City moves forward with plan to divest from fossil fuel industry
/By Rachel Vick
A year after Mayor Bill de Blasio said the city would divest public employees’ pension funds from fossil fuel companies, the city is moving forward with the plan by setting a series of short-term goals.
De Blasio and City Comptroller Scott Stringer announced Tuesday that the city had selected a team of advisers to help determine how three of the largest public employees pension funds will begin to divest from fossil fuels. Queens advisers include Acting Borough President Sharon Lee and Debra Dillingham, also from the BP office.
Advisers from New York Employees’ Retirement System (NYCERS), New York City Board of Education Retirement System (BERS) and New York City Teachers’ Retirement System (TRS) would “evaluate options and recommend divestment actions.”
Tony Utano, president of Transport Workers Union Local 100, which represents Queens MTA bus employees, will also advise on NYCERS fund.
TRS is largely made up of officials from the NYC Department of Education and United Federation of Teachers.
"The City has a responsibility to ensure a fully-funded pension that reflects the needs and values of the dedicated men and women that make up our workforce and the communities that they represent," said Queens Councilmember I. Daneek Miller, chair of the Committee on Civil Service and Labor. "As with past divestment programs relating to apartheid and gun retailer stock, this action is timely, relevant, and consistent with the city's longstanding tradition of responsible investment.”
According to the city, the three pension funds have around $3 billion invested in fossil fuel reserves, including holdings with Chevron, Exxon and BHP. The money will instead go towards doubling investments in climate solutions like clean energy, and in companies dedicated to mitigation, adaptation and resilience.
Contracts to oversee the shift for the individual funds were awarded to Meketa Investment Group and BlackRock Financial Management.

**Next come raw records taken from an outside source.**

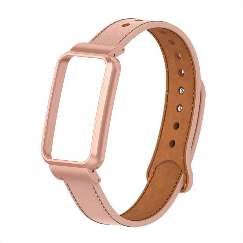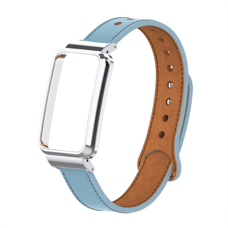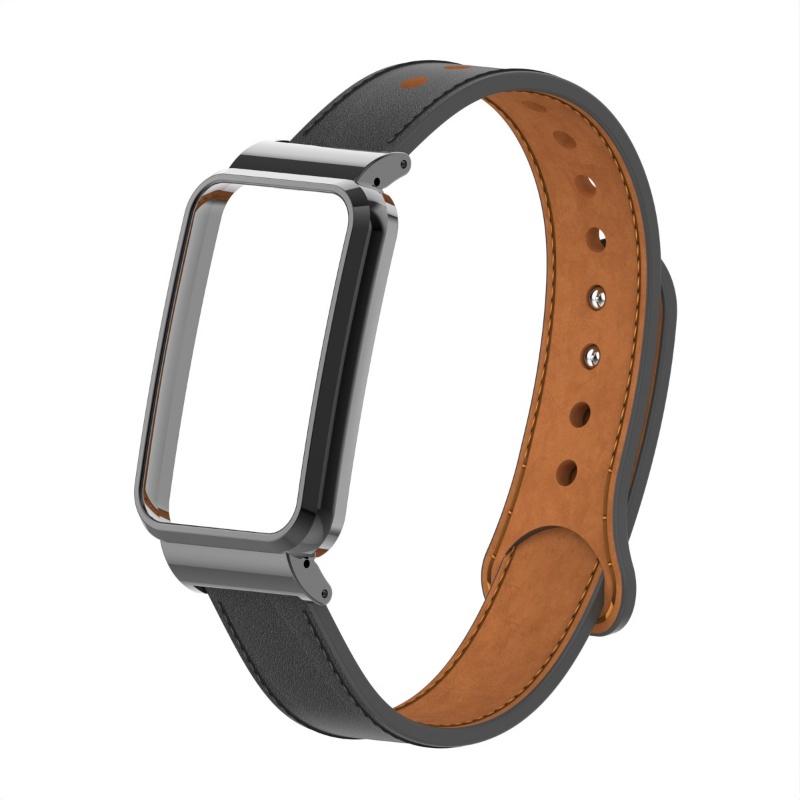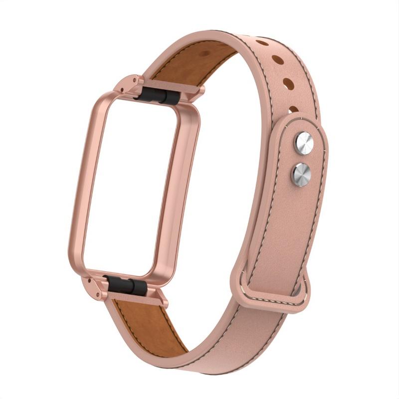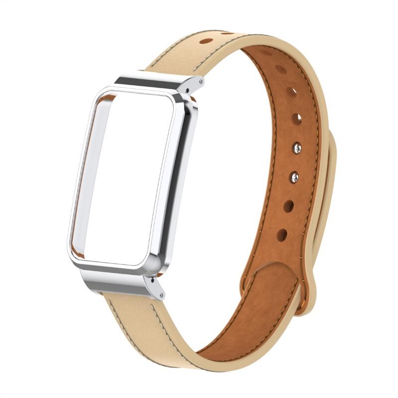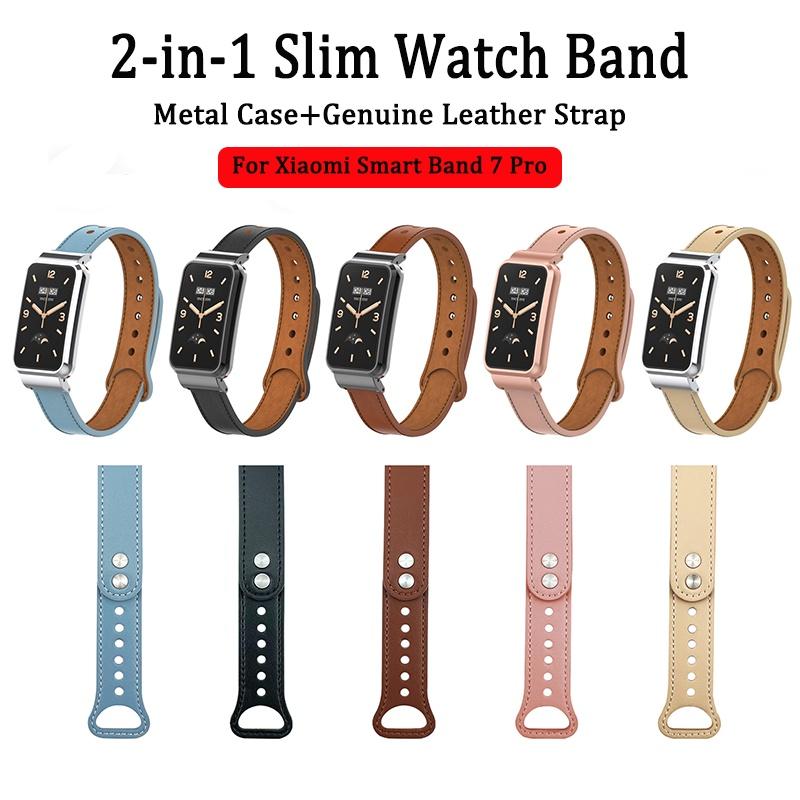 Металлический корпус + кожаный ремешок 2-в-1 двойной гвоздь на небольшую талию, ремешок из натуральной кожи для Xiaomi Smart Band 7 Pro, модный сменный ремешок для часов для леди и джентльмена
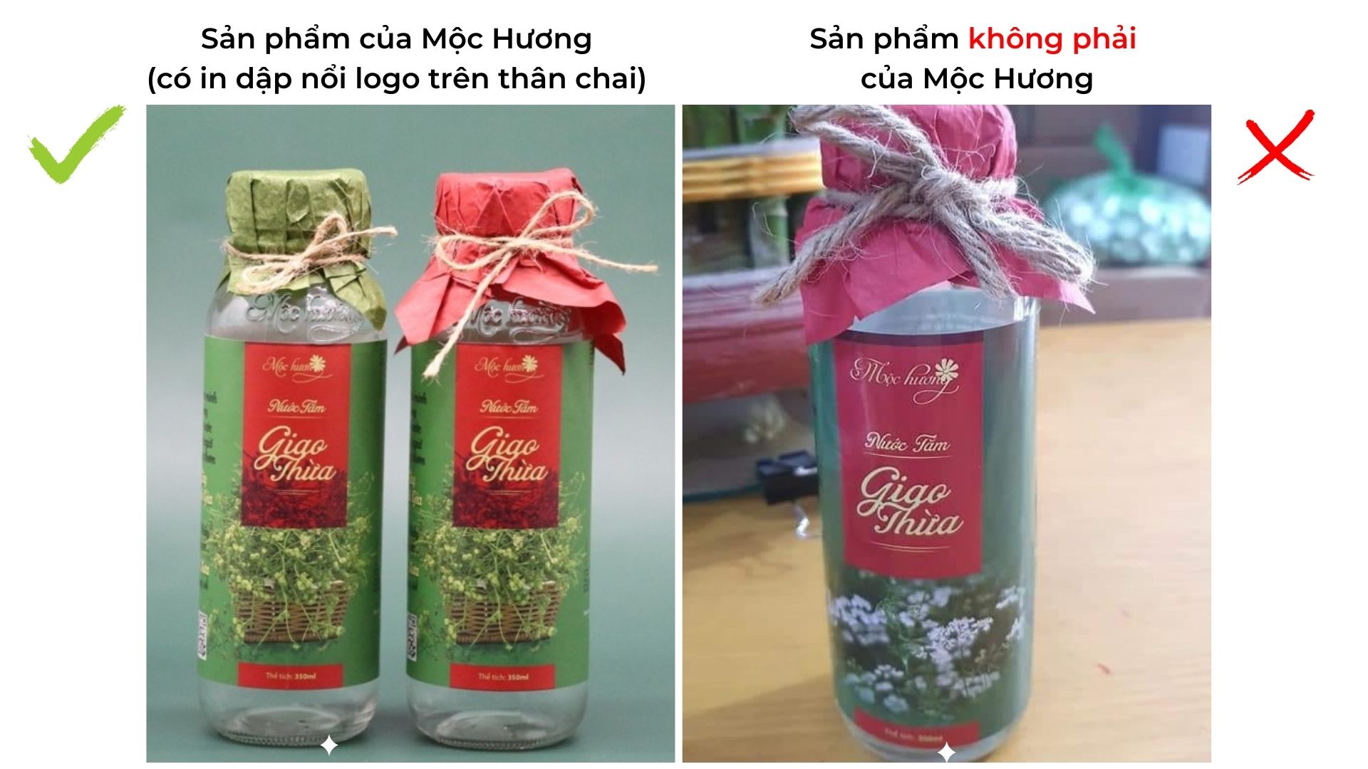 Về hình thức, họ có thể làm ra được chai nhãn màu xanh đỏ hao hao giống như của Mộc Hương, nhưng sẽ không có được logo dập nổi trên thân chai. Sản phẩm cũng thiếu sự chỉn chu, sắc nét.
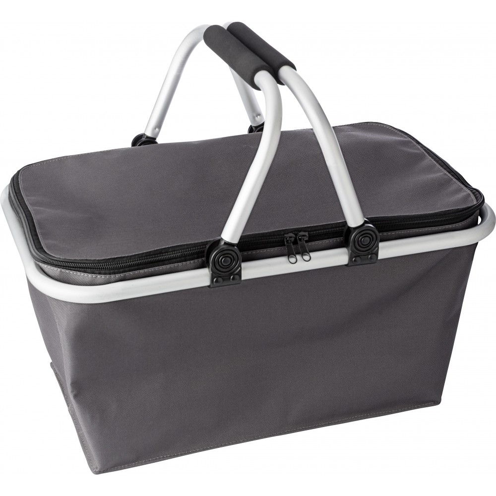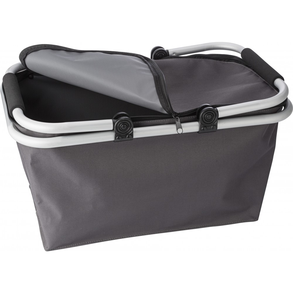 Bevásárlókosár. Összecsukható bevásárlókosár cipzáros záródással, alumínium vázzal, EVA fogóval, Oxford anyagból. Emblémázás: Szitanyomás

This announcement puts divestment on track to have a viable plan by the end of this year, action before the end of 2021, and complete divestment by 2022.
Divestment is part of the OneNYC 2050 plan to build a more sustainable city. The initiative is an example of localized alternatives to a nationwide adherence to the Paris agreement; the city is “working to leverage” partnerships and visibility to inspire similar change in other governments, according to the Mayor’s office.
The NYPD and FDNY pension funds were not included in divestment plans.